I think we will never know every detail of their business.

« Reply #61 on: November 07, 2013, 13:28 »
+2
Sorry for a very late reply. The other 9% of Getty revenue is probably Footage.

That's 33% for Midstock, 33% for Premium, 25% for Editorial and 9% for Footage.

Jim

« Reply #62 on: November 07, 2013, 17:18 »
+1
My sales certainly don't average L size - much smaller. When I start to calculate how much people paid for the sales that get me pennies it just pisses me off though.

I also think that TS and the much cheaper indie content might be a too little too late attempt to choke off the competition and they are willing to take a drastic loss in income to do it.

I think the wholly owned content has to be considered here, since those DL probably don't show in any analysis of contributors and 100% goes to them.
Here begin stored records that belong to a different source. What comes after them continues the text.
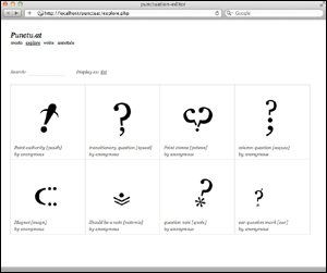 Punctu.at (opens in new tab) is a tool to create, combine and share new punctuation marks and symbols. Using existing typographic shapes, this project explores how personal symbols can enrich and modify the meaning of a text.
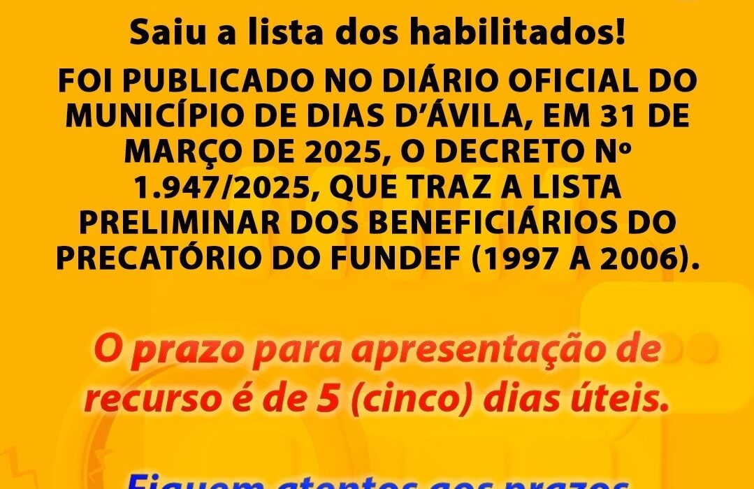 Informe sobre Precatórios Saiu a lista dos habilitados! Foi publicado no Diário Oficial do Município de Dias D’Ávila, em 31 de março de 2025, o Decreto n° 1.947/2025, que traz a lista preliminar dos beneficiários do precatório do FUNDEF (1997 a 2006). ○ 0 prazo para apresentação de recurso é de 5 (cinco) dias úteis.
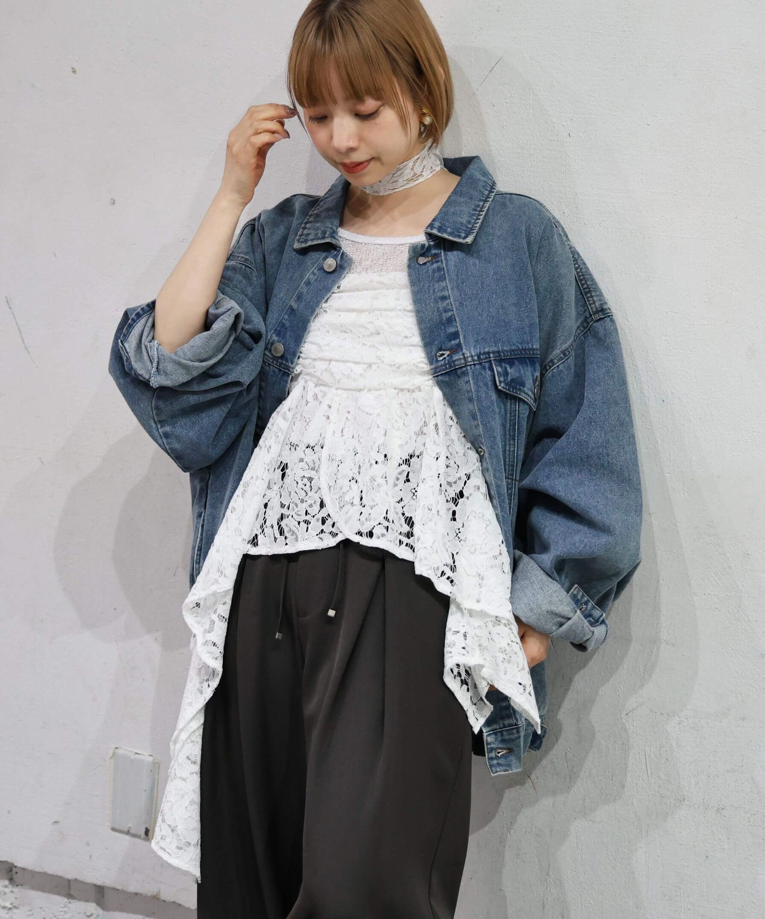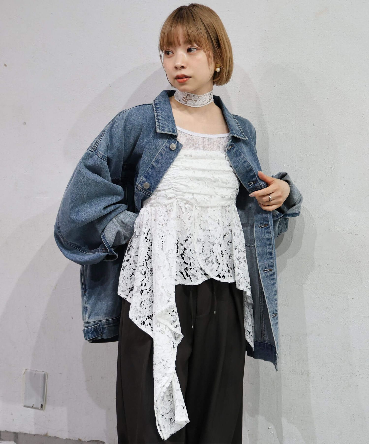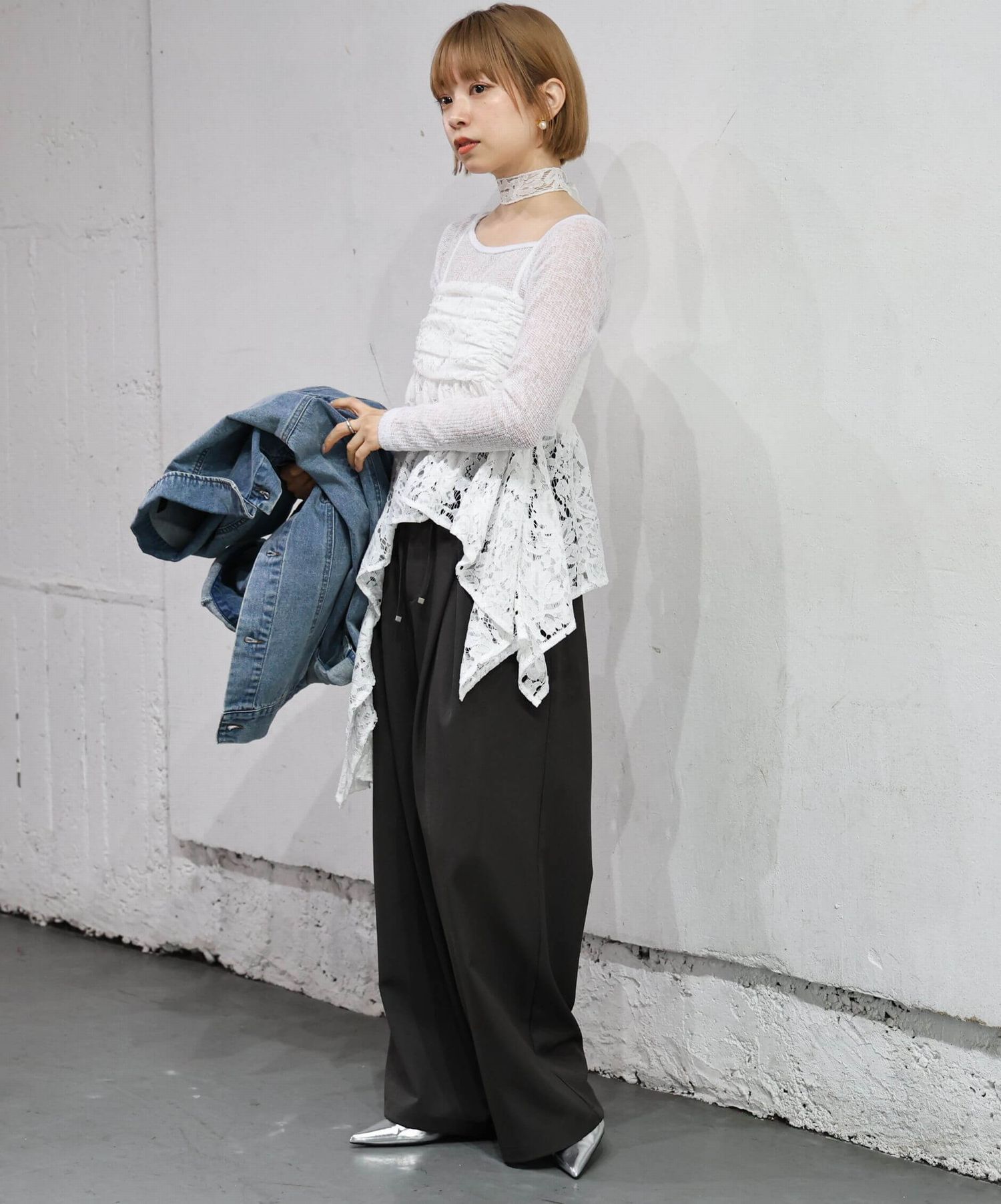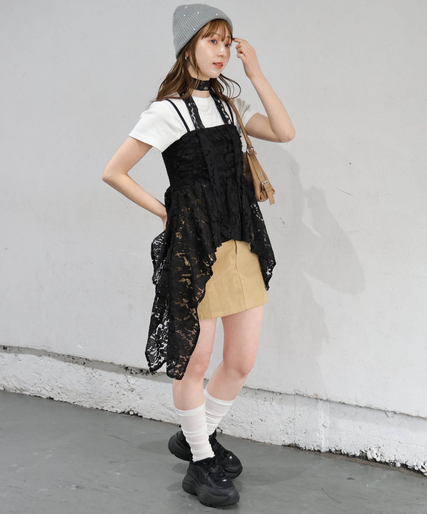 ※当アイテムはSサイズ表記ですが、チョーカー付きレースキャミチュニック(品番:165T511540)のショート丈です。フリーサイズとして着用頂けるサイズ感です。
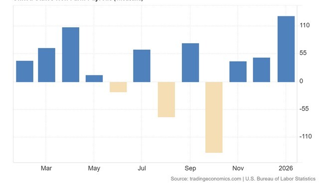 Η αμερικανική οικονομία πρόσθεσε 130.000 θέσεις εργασίας τον Ιανουάριο του 2026, σημαντικά υψηλότερα από την καθοδικά αναθεωρημένη αύξηση των 48.000 θέσεων τον Δεκέμβριο και σαφώς πάνω από τις προβλέψεις για 70.000.
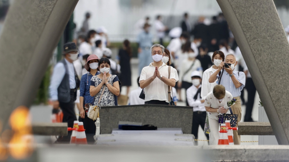 Participants, many of them dressed in black and wearing face masks, stood for a moment of silence at 8:15 am, the exact time that the atomic bomb, nicknamed “Little Boy”, exploded on August 6, 1945, obliterating Hiroshima and killing 140,000 of an estimated population of 350,000.

Also you need to consider that "exclusive" might not mean what you think it means.

I also wouldn't be surprised to see TS and others lumped into midstock if they thought that suited the narrative they were spinning. Remember that a lot of this is to make a rosy picture to try to get people to part with their money. I seem to recall bragging about how great sales and profits and projections were out of one side of their mouth while crying poverty and unsustainable out the other.

Interesting to try to back out the real numbers - thanks for posting. I fear the error bars are still very large though.

« Reply #63 on: November 07, 2013, 17:31 »
0
I wonder how many sales of the "premium" content are actually sales from istock exclusive content - either from vetta/Agency, E+ or even through House or PC contracts.

Theyll never release the data of course, but the exclusives are very reliable image producers with modern content,while many regular getty contributor portfolios are quite small.